_Work task_: Only the lines from the one containing "2023국감_최인호_최근_" through the end of the entries are wanted, retyped exactly and without pictures.

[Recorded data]
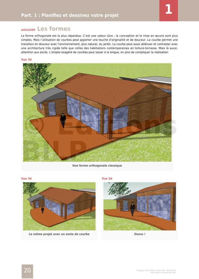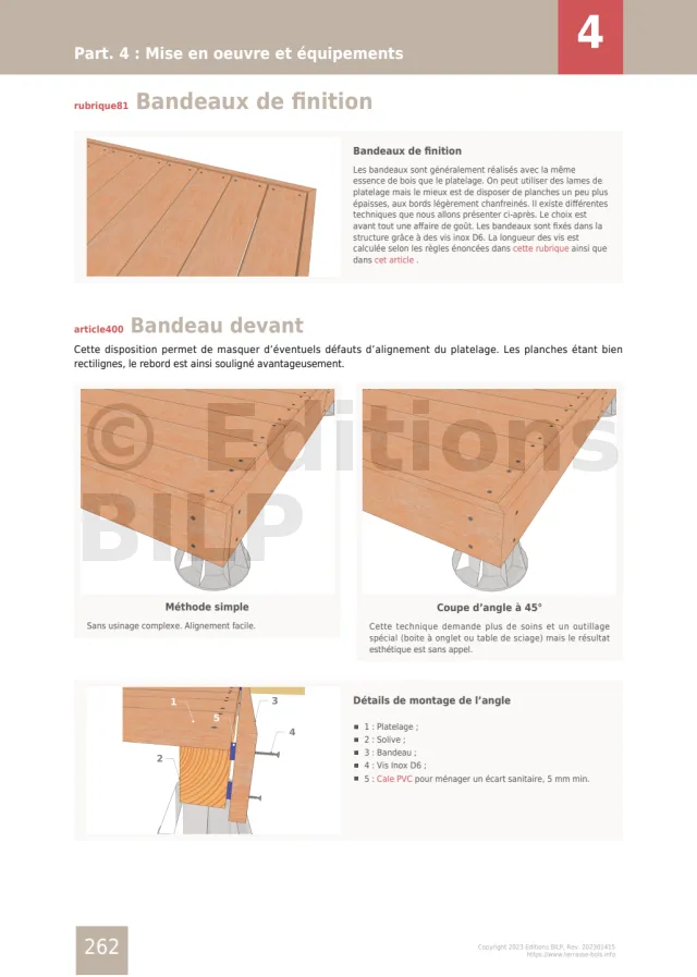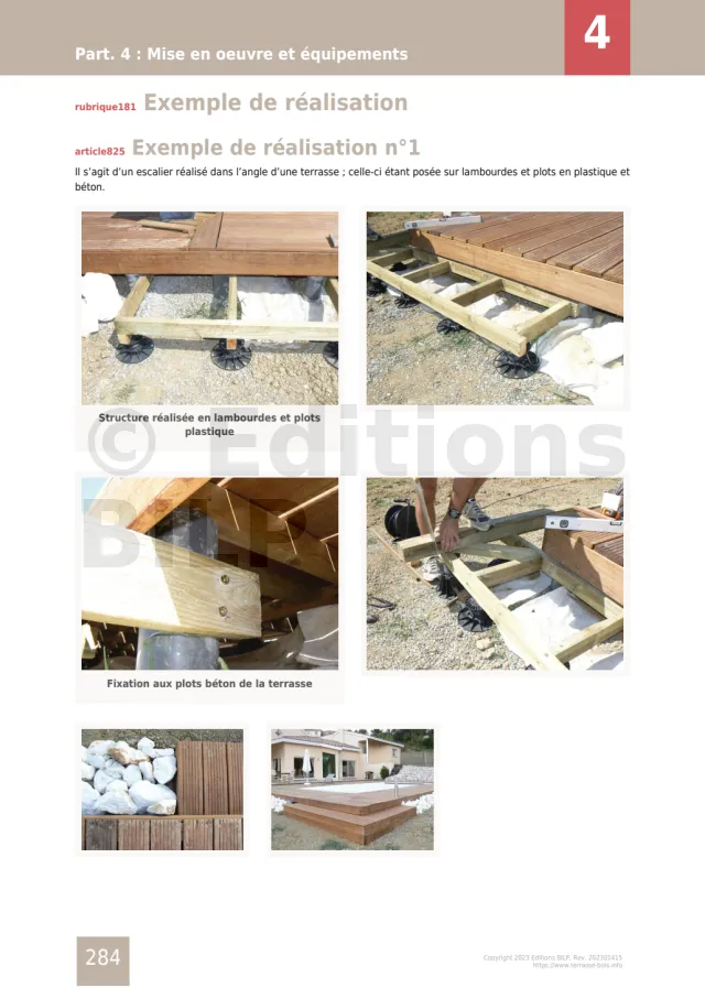 Toutes les techniques de pose et de matériels sont proposés et expliqués avec photo à l’appui. L’accés au base de calcul pour la pose plot et lambourde est très faciles et aide beaucoup pour la construction.
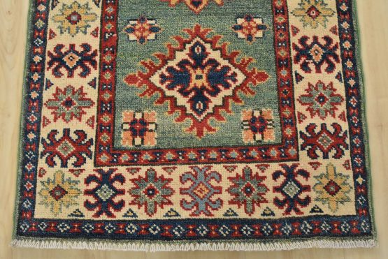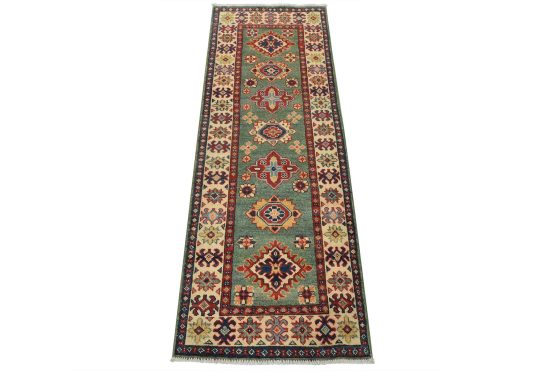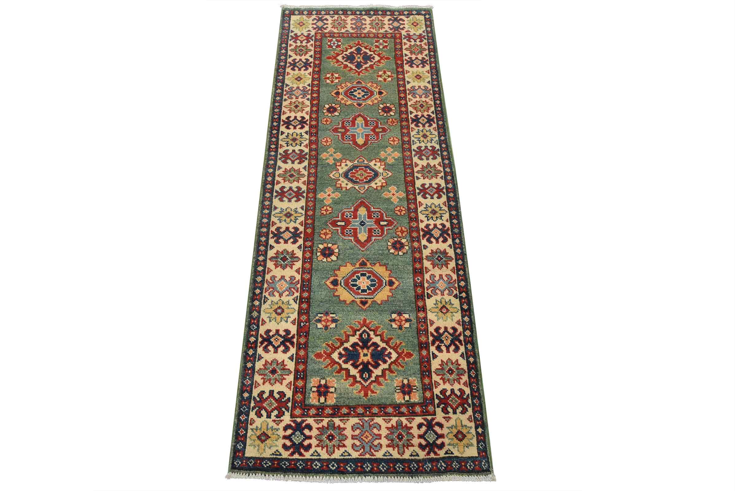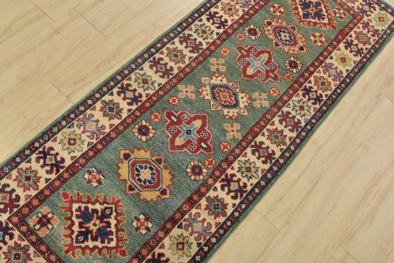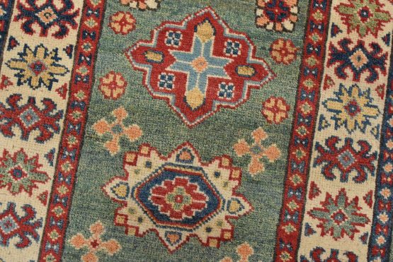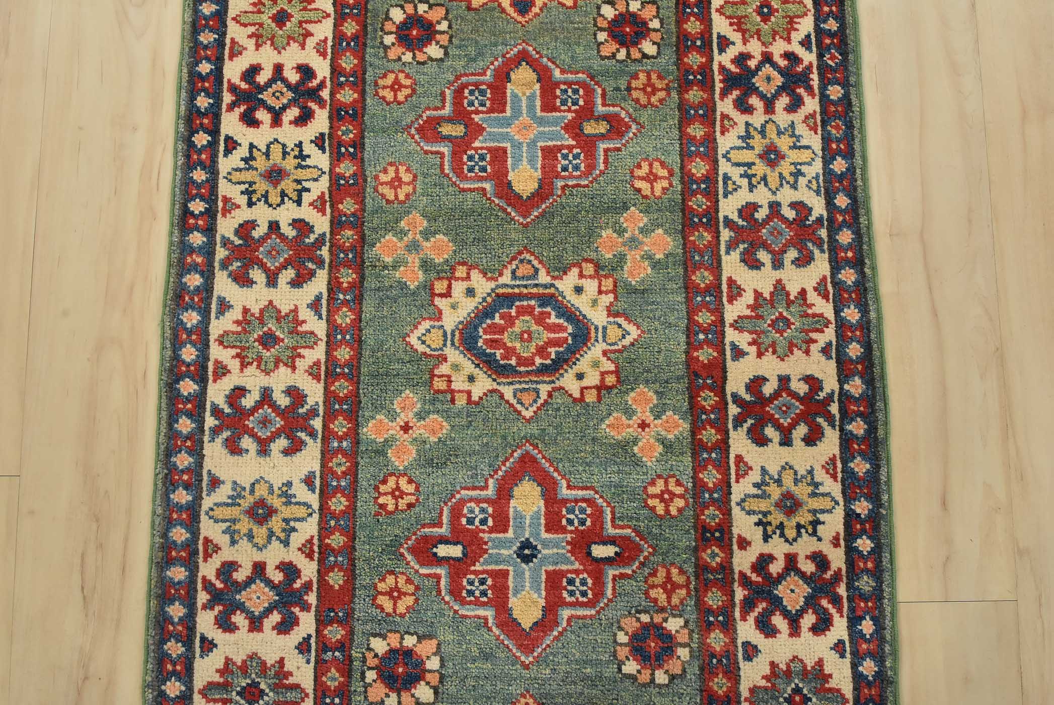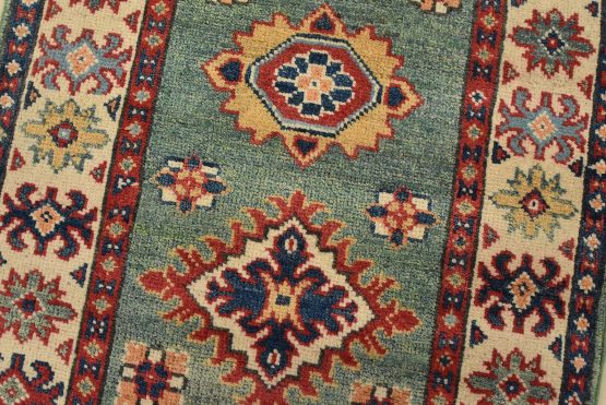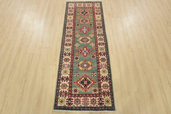 A tribal Caucasian Kazak runner hand-knotted with fine wool on a cotton foundation. This rug features a row of medallions surrounded by small geometric floral motifs set against a green background. It is new and in excellent condition.
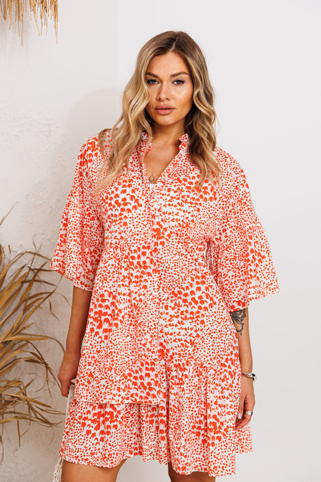 Оригинальное хлопковое платье необычного кроя, легкое и невесомое - идеально в жару . Платье оверсайз прямого силуэта из тонкой хлопковой ткани со спущенным плечом. Рукав со сборкой. По полочке идет асимметричный подрез с воланом, застежка на петли и пуговицы. По низу платья -волан. По горловине -стойка.
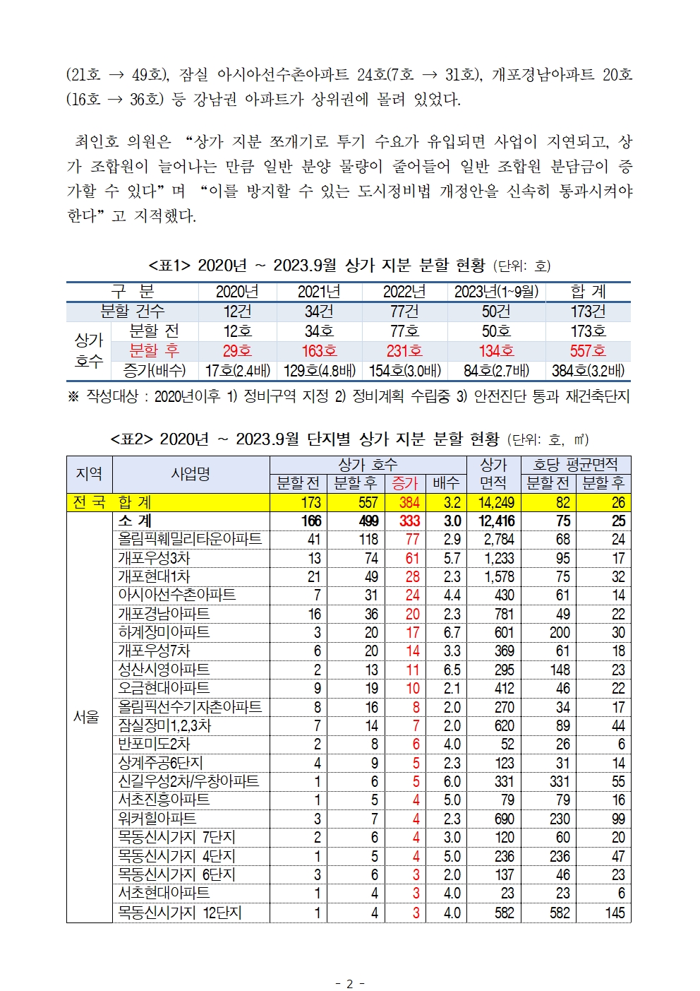 2023국감_최인호_최근_3년간_재건축_입주권_노린_상가쪼개기_6배.hwp
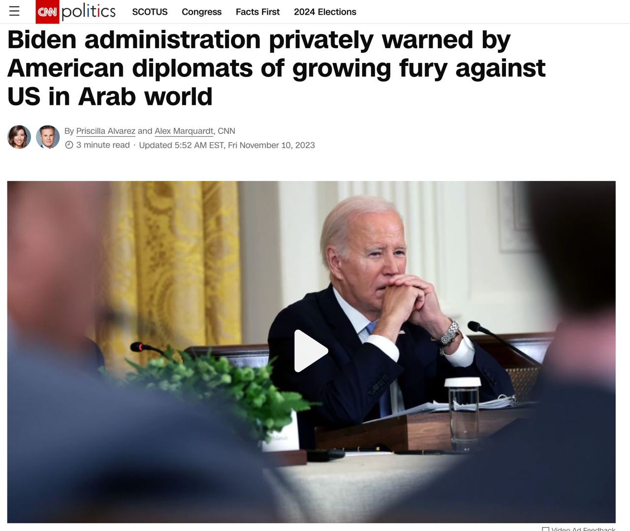 CNN напоминает, что на недавнем саммите с участием главы Госдепа Энтони Блинкена арабские лидеры призвали к немедленному прекращению огня в секторе Газа, а госсекретарь вновь заявил о несогласии США, заявив, что это даст ХАМАС время перегруппироваться и начать новое нападение на Израиль.
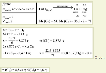 2 задача: При электролизе раствора CuCl2 масса катода увеличивается на 8 грамм. Какой газ выделится, какова его масса?
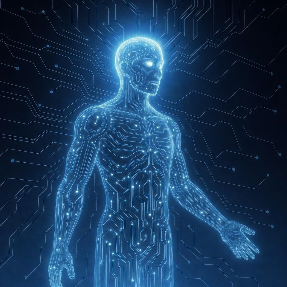 A digital illustration of a male human figure composed entirely of glowing blue circuit board patterns on a dark background. The figure stands with arms slightly outstretched, featuring intricate neural networks on the head and body. Bright cyan lines and nodes emphasize the cybernetic design.

_Exercise answer_:
 2023국감_최인호_최근_3년간_재건축_입주권_노린_상가쪼개기_6배.hwp
 CNN напоминает, что на недавнем саммите с участием главы Госдепа Энтони Блинкена арабские лидеры призвали к немедленному прекращению огня в секторе Газа, а госсекретарь вновь заявил о несогласии США, заявив, что это даст ХАМАС время перегруппироваться и начать новое нападение на Израиль.
 2 задача: При электролизе раствора CuCl2 масса катода увеличивается на 8 грамм. Какой газ выделится, какова его масса?
 A digital illustration of a male human figure composed entirely of glowing blue circuit board patterns on a dark background. The figure stands with arms slightly outstretched, featuring intricate neural networks on the head and body. Bright cyan lines and nodes emphasize the cybernetic design.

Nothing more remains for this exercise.